MEDELCI : Le G15 abordera la question du
nucléaire sous l’angle de la sécurité
énergétique
17 mai 2010 |
Les
chefs d’Etat et de gouvernement des pays membres du
G15 aborderont, lors de leur 14ème sommet qui se
tient lundi à Téhéran (Iran), la question du
nucléaire civil sous l’angle de la sécurité
énergétique, a déclaré dimanche à Téhéran le
ministre des Affaires étrangères, M. Mourad MEDELCI.
"La sécurité énergétique passe par le développement
des capacités, non pas seulement énergétiques
conventionnelles (pétrole et gaz) mais également par
le développement des capacités énergétiques
renouvelables", a indiqué à la presse M. MEDELCI qui
a pris part samedi à la réunion des ministres des
Affaires étrangères préparatoire au sommet du G15.

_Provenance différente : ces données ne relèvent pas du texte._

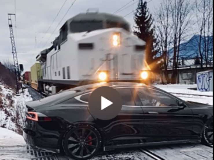 Nel video pubblicato su Instagram vediamo la Tesla avventurarsi sui binari non protetti dalle barriere regolamentari in un tratto di strada innevata, proprio mentre sopraggiunge a tutta velocità un treno merci, lanciato sui binari! Il pilota sembra non accorgersi di niente e anzi, rallenta, fermandosi proprio sui binari. E’ la fine? Stiamo per assistere ad un terrificante caso di cronaca?
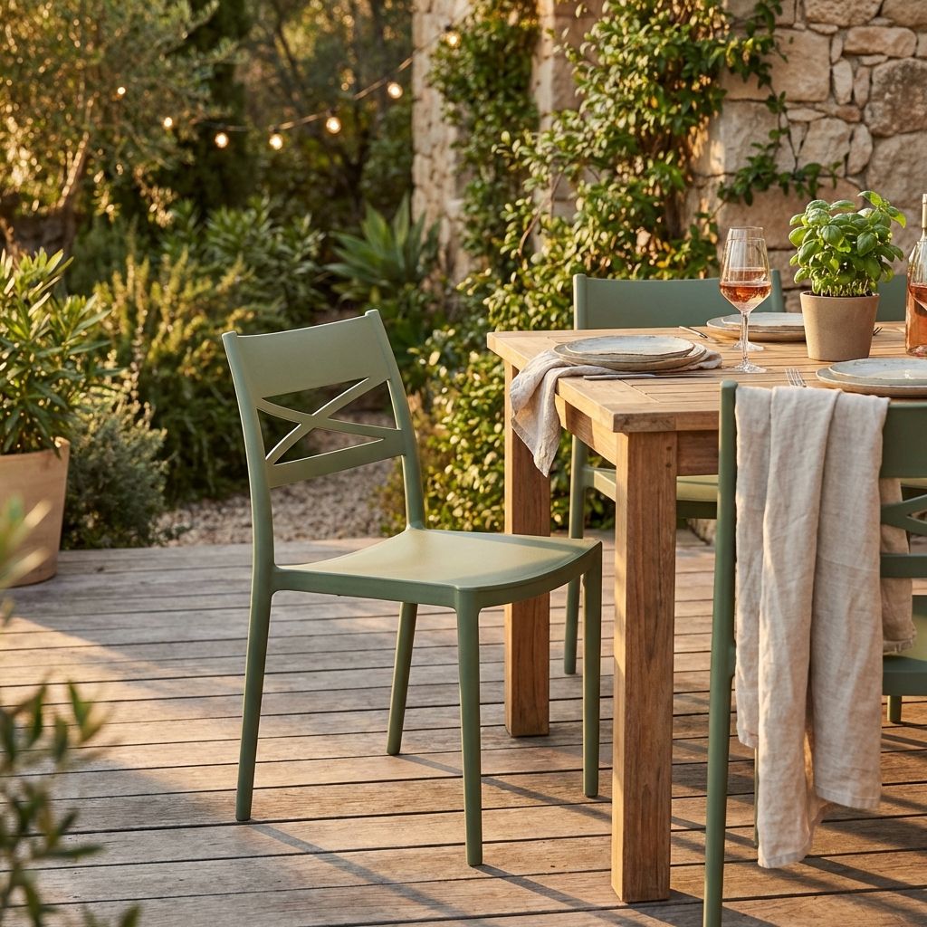 Disponibile nei colori grigio, bianco, verde, giallo e blu, questa sedia si adatta perfettamente a ogni stile di arredamento, per interni ed esterni.
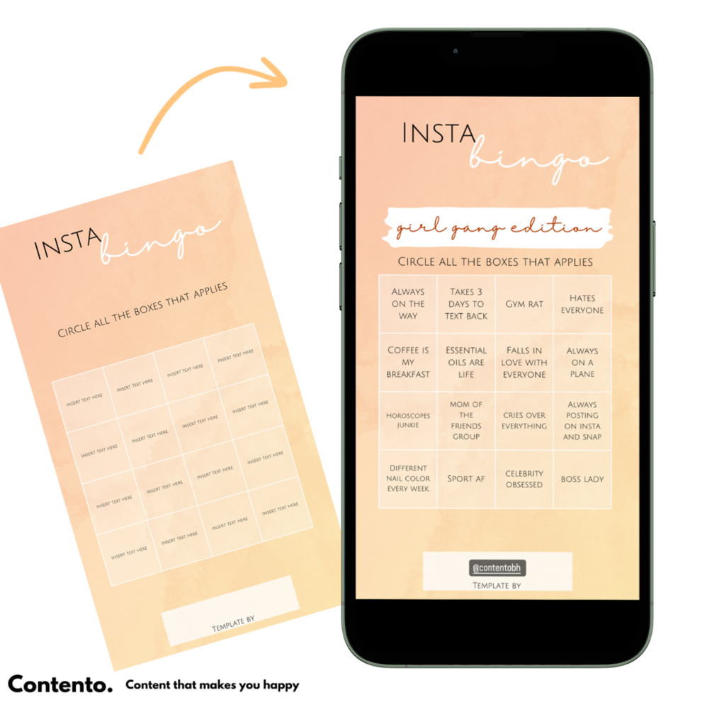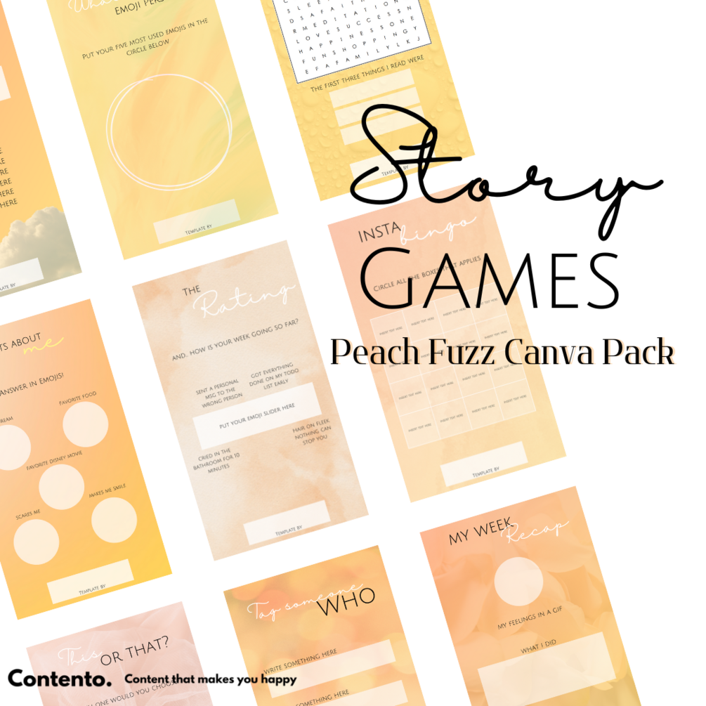 Purchase our templates and make them uniquely yours! Explore a variety of instastory games, all in captivating shades of peach, including Insta Bingo, What's Your Emoji Personality, Send Me a Number, and more. Get ready to increase your followers' engagement with our customizable and irresistible templates!

Il a ajouté que les pays du Sud disposent de
capacités extrêmement importantes dans ce domaine
là, qu’il s’agisse du nucléaire, du solaire ou de
l’éolien.
"Nous devons travailler ensemble pour que nous
puissions mettre en commun nos expériences et
technologies afin, a-t-il dit, de pouvoir continuer
à jouer un rôle, dans le moyen et le long terme,
dans le domaine de l’énergie au profit de nos
propres économies d’abord et au profit de l’économie
mondiale ensuite".
M. MEDELCI a indiqué, en outre, que le sommet du G15
va permettre aux chefs d’Etat et de gouvernement de
présenter leurs visions à la fois sur les questions
internationales et leur espoir que le G15, qui
existe depuis 20 ans, puisse s’autoévaluer et
prendre des décisions qui lui permettent de se
consolider dans le futur.
Il a fait savoir qu’il y a un consensus autour du
projet de communiqué final, élaboré au niveau des
experts et des ministres des Affaires étrangères et
qui va retenir un certain nombre d’axes dont le
renforcement de la coopération entre les pays du Sud
et entre ceux du G15.
L’autre axe important est celui d’apporter "une
contribution politique pour que la crise économique
soit gérée en tenant compte de la situation
particulière d’un certain nombre de pays, dont les
moins avancés et les plus endettés.
"Nous devons examiner la situation et évaluer des
dispositions qui ont été prises notamment au niveau
du G20 et du G8 ainsi qu’au niveau de la Banque
mondiale et du Fonds monétaire international pour
essayer de limiter les effets de la crise et surtout
redoubler de vigilance car cette crise a frappé déjà
de plein fouet les pays les plus faibles qui sont
dans le camp du Sud", a-t-il affirmé.
Les chefs d’Etat devraient prendre aussi des mesures
pour encourager des membres du G15 à s’autoévaluer
dans le système de fonctionnement qui est le sien,
"et s’il y a des avancées, a-t-il dit, il y a aussi
des rigidités, des lenteurs, des silences et des
occasions perdues".
Il a souligné à ce propos la nécessité de mieux
organiser le G15, relevant qu’il a été proposé qu’un
groupe de haut niveau se mette en place très
rapidement pour dégager des recommandations dans ce
sens.
Le ministre a indiqué que le communiqué commun
évoquera aussi la question du Moyen Orient.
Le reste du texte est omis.